Reputation: 10139
Here is my code and plot results, dues to some outliers, the x-axis is very long. Is there a simple method which I can filter df$foo
by only 0-90% or 0-95% percentile in R, so that I can plot only normal values? Thanks.
df <- read.csv('~/Downloads/foo.tsv', sep='\t', header=F, stringsAsFactors=FALSE)
names(df) <- c('a', 'foo', 'goo')
df$foo <- as.numeric(df$foo)
goodValue <- df$foo
summary(goodValue)
hist(goodValue,main="Distribution",xlab="foo",breaks=20)
Upvotes: 1
Views: 2372
Reputation: 2797
Suppose you wanted to examine the diamonds. (I don't have your data)
library(ggplot2)
library(dplyr)
diamonds %>% ggplot() + geom_histogram(aes(x = price))
You might decide to examine the deciles of your data, and since the tail probability is not of interest to you, you might throw away the top uppermost decile.

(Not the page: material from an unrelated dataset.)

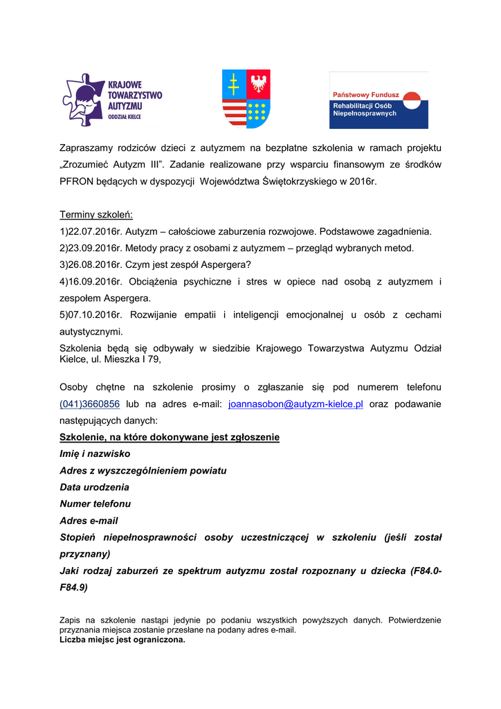 Zapraszamy rodziców dzieci z autyzmem na bezpłatne szkolenia w ramach projektu „Zrozumieć Autyzm III”. Zadanie realizowane przy wsparciu finansowym ze środków PFRON będących w dyspozycji Województwa Świętokrzyskiego w 2016r. Terminy szkoleń: 1)22.07.2016r. Autyzm – całościowe zaburzenia rozwojowe. Podstawowe zagadnienia. 2)23.09.2016r. Metody pracy z osobami z autyzmem – przegląd wybranych metod. 3)26.08.2016r. Czym jest zespół Aspergera? 4)16.09.2016r. Obciążenia psychiczne i stres w opiece nad osobą z autyzmem i zespołem Aspergera. 5)07.10.2016r. Rozwijanie empatii i inteligencji emocjonalnej u osób z cechami autystycznymi. Szkolenia będą się odbywały w siedzibie Krajowego Towarzystwa Autyzmu Odział Kielce, ul. Mieszka I 79, Osoby chętne na szkolenie prosimy o zgłaszanie się pod numerem telefonu (041)3660856 lub na adres e-mail: [email protected] oraz podawanie następujących danych: Szkolenie, na które dokonywane jest zgłoszenie Imię i nazwisko Adres z wyszczególnieniem powiatu Data urodzenia Numer telefonu Adres e-mail Stopień niepełnosprawności osoby uczestniczącej w szkoleniu (jeśli został przyznany) Jaki rodzaj zaburzeń ze spektrum autyzmu został rozpoznany u dziecka (F84.0F84.9) Zapis na szkolenie nastąpi jedynie po podaniu wszystkich powyższych danych. Potwierdzenie przyznania miejsca zostanie przesłane na podany adres e-mail. Liczba miejsc jest ograniczona.

You could do that as follows, with a free scale so that you can see what is happening within each decile.
diamonds %>% mutate(ntile = ntile(price, 10)) %>%
filter(ntile < 10) %>%
ggplot() + geom_histogram(aes(x = price)) +
facet_wrap(~ntile, scales = "free_x")
But be cautious although seeing your data in a much finer granularity has its benefits, notice how you could almost barely tell that your data is roughly exponentially distributed (with a heavy tail, as commodities price data often are).
Upvotes: 3
Reputation: 1363
Maybe this is what you're looking for?
a = c(rnorm(99), 50) #create some data
quant <- as.numeric(quantile(a, c(0, 0.9))) #get 0 and 0.9 quantile
hist(a[a > quant[1] & a < quant[2]]) #histogram only data within these bounds
Upvotes: 3